I have the same first hand experience as you of course and hold my own life most dear, and yet I retain no sense of a sudden beginning to it. Even if it is as simple as two things coming together and one beginning, there must be a moment when that happens mustn't there?
This morning I was a hands on witness to the opposite. The implosion of energy as the life went out of our beloved pup. I have experienced my fair share of family bereavements and at those times stuff like pondering the nature of life doesn't happen on a conscious level, you get smashed sideways and as the parts join back together you are able to make sense of things in different ways, but it may take you several years to get there, and there is definitely not much mind available at the time for pondering as the grief takes hold and shakes the foundations.

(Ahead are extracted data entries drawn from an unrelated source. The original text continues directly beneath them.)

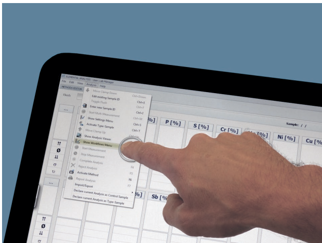
ELEMENTAL.SUITE software provides full touchscreen capabilities.

The result is a CCD-based instrument, which lets you achieve your goals faster, more reliably, and more cost-effectively than ever before.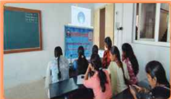
Powering the Future: AI with Amazon – A Virtual Insight!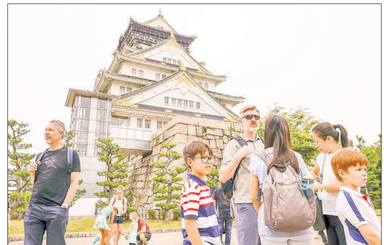
Tourists walk near Osaka Castle in the western Japan city of Osaka on 10 June 2023.

ing accommodative monetary policies. After being hit hard by supply chain disruptions during the COVID-19 pandemic, Japan's auto and other export-oriented manufacturing industries have been recovering. The number of foreign visitors, which this summer returned to about 85 per cent of the level in 2019 before the outbreak of the coronavirus, is expected to increase further, given that there are some favorable developments such as China's removal of restrictions on Japan-bound group travel for its citizens in August. — Kyodo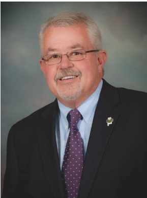
CITY OF GARDENDALE | MAYOR STAN HOGELAND

DEMOGRAPHICS: 2010 Census: 8380 | Total Area: 12.20 square miles (31.59 km 2 )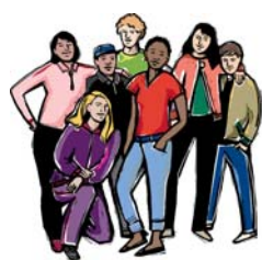
Youth in the Digest!

At this time the Arts in Action team would like to wish all of the Divinity family a blessed Christmas and a very happy and prosperous New Year.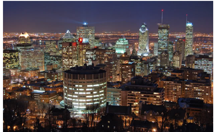
This year's meeting will be held in Montreal, Quebec, Canada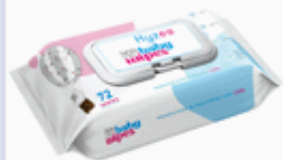
Baby Wipes 72 Pulls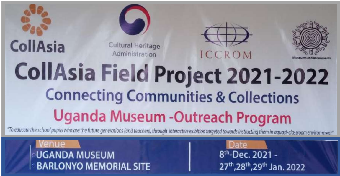
CollAsia Field Project 2021 – 2022 Banner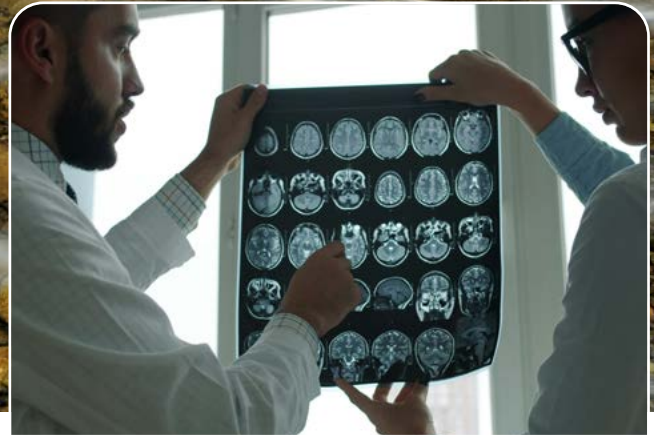
Illinois Extension partnered with the Southern Illinois University School of Medicine in Springfield to expand access for caregivers to the 2025 Brain Aging Conference.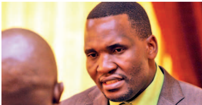
Corporate Governance & Traditional Affairs Minister Sicelo Shiceka in his address urged Local Government to address public perceptions of its performance.

and shall issue progress reports for consideration by the 2010 National Members Assembly.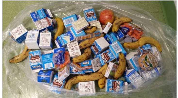
Remember this photo (above)?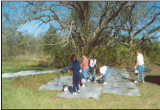
A warm November afternoon and Ranchers are down picking pecans for Christmas.

Are you receiving our e-newsletter? Stay current on the happenings at Down Home Ranch by signing up. Send an e-mail to newsletter@downhomeranch.org .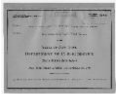
Public utilities annual report of Brooklyn Borough Gas Company, 1946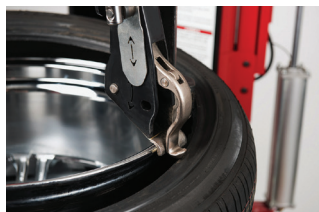
Leverless Upgrade (PN 85607471)

It was tremendously sad to see the healthy animal decline into something akin to the puppy he started out as, helpless in all ways. But there is not the same hammer blow to the system and the organism of self remained whole and able to hold the grief of parting and ponder the nature of life as the loved one departed.
Having had time to consider events I feel very honored by our Bobby's choice to let go of his most treasured possession while I was holding him and his head was on my foot. There is of course an issue of pride and trust involved, the pooh comes out when the body lets go, I imagine the instinct of the leaper is to walk off and take the leap alone. And yet the pup chose a companion at this time of parting. Such a companion must be a benevolent being like that which surrounds us when we begin, a comfortable presence so familiar that it is there and yet not. |In essence what one might call a family or tribe.
My daughter asked that I might make sure that she is there when I make the leap, I hope I am as generous with my moment of parting as the puppy was with his, like all parents I suppose my greatest dread is the grief I must inevitably cause by my irresponsible leaping. When my own mother departed I felt it as I was drinking tea on the other side of the planet, it is my belief that whether together or apart my offspring and I will find ourselves to be so deeply entangled that propinquity will not be an issue when I fall backwards into weightlessness.
Throughout this day of vigil it has been noticeable that the eye sees and the mind takes liberties.
I utilize this mental frolicking when I make sculpture, my mind sees all kinds of shapes in the material and I follow its suggestions.
Once the puppy had left the material world I wanted him to have his privacy, so after we had washed him we wrapped him in a blanket curled up in his normal sleeping pose. He stayed like that throughout the day and each time I glanced in his direction the blanket gave movement to his form as though he were snuffling in there as he had as a puppy after his bath.
He is missed by us all and I hope that we may never forget the joy of having him share our home. "In sickness and in health until death do us part" was never a spoken vow between us, but as surely as my son calls him "brother", the memory of our Bob is bound into our family beyond even that vow's ending.